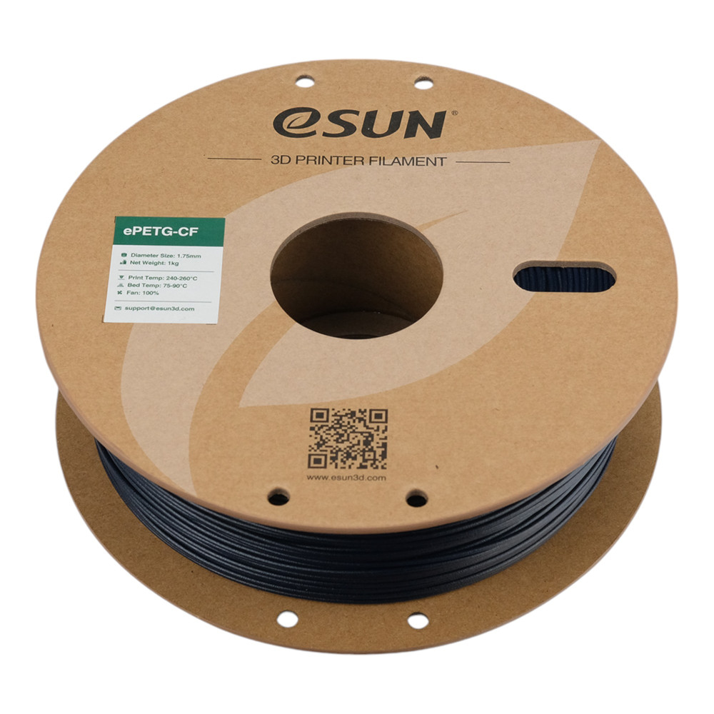 The ePETG-CF Carbon Dark Black Filament from eSun combines the excellent properties of PETG with add..
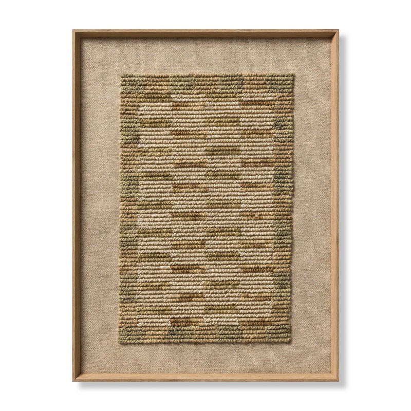Ready-to-hang Descanso wall art from Amber Lewis x Loloi features a hand-tufted wool textile with a broken stripe pattern in an earth-toned palette, measuring 42 x 32. The artwork is made in India and custom-framed in Dallas, Texas.
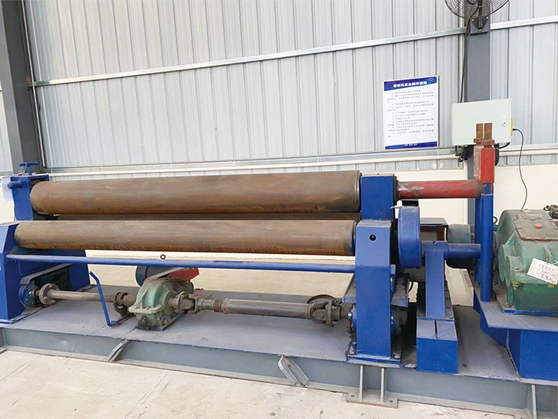 簡析卷板機(jī)的工作原理及應(yīng)用范圍卷板機(jī)是對板料進(jìn)行連續(xù)點(diǎn)彎曲的塑形機(jī)床,具有卷制O 同的形狀卷板機(jī)規(guī)格平整的塑性金屬板通過卷板機(jī)的三根工作輥(二根下輥、一根上輥) 之間,借助上輥的下壓及下輥的旋轉(zhuǎn)運(yùn)動(dòng),使金屬板經(jīng)過多道次連續(xù)彎曲(內(nèi)層 壓縮變形,中層不變,外層拉伸變形),產(chǎn)生塑性變形,卷制成所需要 的圓筒、錐筒或它們的一部分。 卷板機(jī)的工作原理是卷板機(jī)上輥在兩下輥中央對稱位置通過液壓缸內(nèi)的液壓油作用于活塞作垂直升降運(yùn)動(dòng),通過主減速機(jī)的末級齒輪帶動(dòng)兩下輥齒輪嚙合作旋轉(zhuǎn) 運(yùn)動(dòng),為卷制板材提供扭矩。借助上輥的下壓及下輥的旋轉(zhuǎn)運(yùn)動(dòng),使金屬板經(jīng)過 多道次連續(xù)彎曲,產(chǎn)生塑性變形,卷制成所需要的園筒、錐筒或它們的一部分。
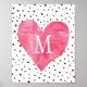 Impression d'aquarelle moderne coeur pépinière avec monogramme personnalisé en rose fuchsia avec motif pois amusant aquarelle.
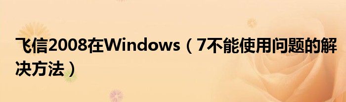 大家好,今天小悦来为大家解答以上问题。飞信2008在Windows,7不能使用问题的解决方法很多人还不知道,现在让我们一起来看看吧!
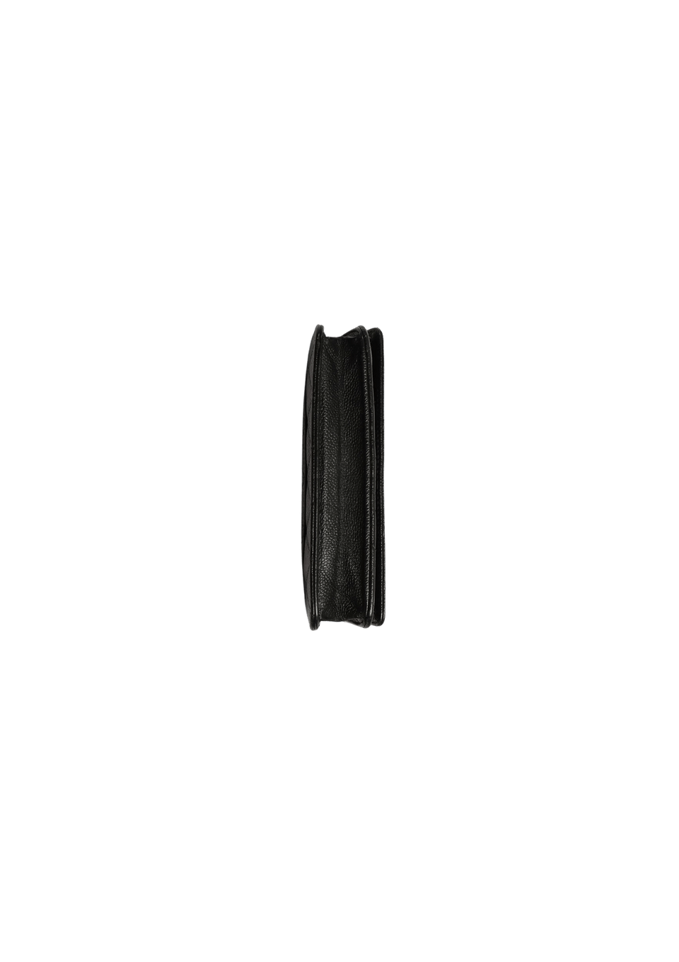 - Compartimento único com seis porta-cartões internos e quatro bolsos internos, sendo dois abertos e dois fechados por cursor, e um bolso externo aberto;
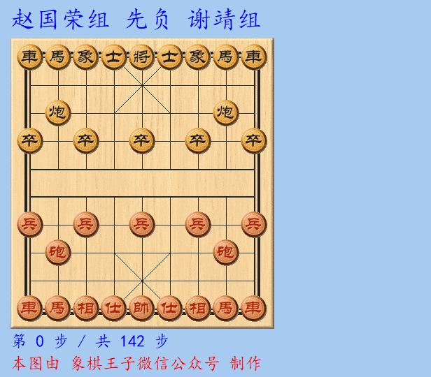 冠亞軍決賽的焦點對決,慢棋成平,加賽快棋,趙國榮組執紅,下成紅車馬兵仕相全對黑車炮雙士。

======

▶ **Problem statement**: Leave the pictures out and output all of the data verbatim.

▶ **Task result**:
 The ePETG-CF Carbon Dark Black Filament from eSun combines the excellent properties of PETG with add..
Ready-to-hang Descanso wall art from Amber Lewis x Loloi features a hand-tufted wool textile with a broken stripe pattern in an earth-toned palette, measuring 42 x 32. The artwork is made in India and custom-framed in Dallas, Texas.
 簡析卷板機(jī)的工作原理及應(yīng)用范圍卷板機(jī)是對板料進(jìn)行連續(xù)點(diǎn)彎曲的塑形機(jī)床,具有卷制O 同的形狀卷板機(jī)規(guī)格平整的塑性金屬板通過卷板機(jī)的三根工作輥(二根下輥、一根上輥) 之間,借助上輥的下壓及下輥的旋轉(zhuǎn)運(yùn)動(dòng),使金屬板經(jīng)過多道次連續(xù)彎曲(內(nèi)層 壓縮變形,中層不變,外層拉伸變形),產(chǎn)生塑性變形,卷制成所需要 的圓筒、錐筒或它們的一部分。 卷板機(jī)的工作原理是卷板機(jī)上輥在兩下輥中央對稱位置通過液壓缸內(nèi)的液壓油作用于活塞作垂直升降運(yùn)動(dòng),通過主減速機(jī)的末級齒輪帶動(dòng)兩下輥齒輪嚙合作旋轉(zhuǎn) 運(yùn)動(dòng),為卷制板材提供扭矩。借助上輥的下壓及下輥的旋轉(zhuǎn)運(yùn)動(dòng),使金屬板經(jīng)過 多道次連續(xù)彎曲,產(chǎn)生塑性變形,卷制成所需要的園筒、錐筒或它們的一部分。
 Impression d'aquarelle moderne coeur pépinière avec monogramme personnalisé en rose fuchsia avec motif pois amusant aquarelle.
 大家好,今天小悦来为大家解答以上问题。飞信2008在Windows,7不能使用问题的解决方法很多人还不知道,现在让我们一起来看看吧!
 - Compartimento único com seis porta-cartões internos e quatro bolsos internos, sendo dois abertos e dois fechados por cursor, e um bolso externo aberto;
 冠亞軍決賽的焦點對決,慢棋成平,加賽快棋,趙國榮組執紅,下成紅車馬兵仕相全對黑車炮雙士。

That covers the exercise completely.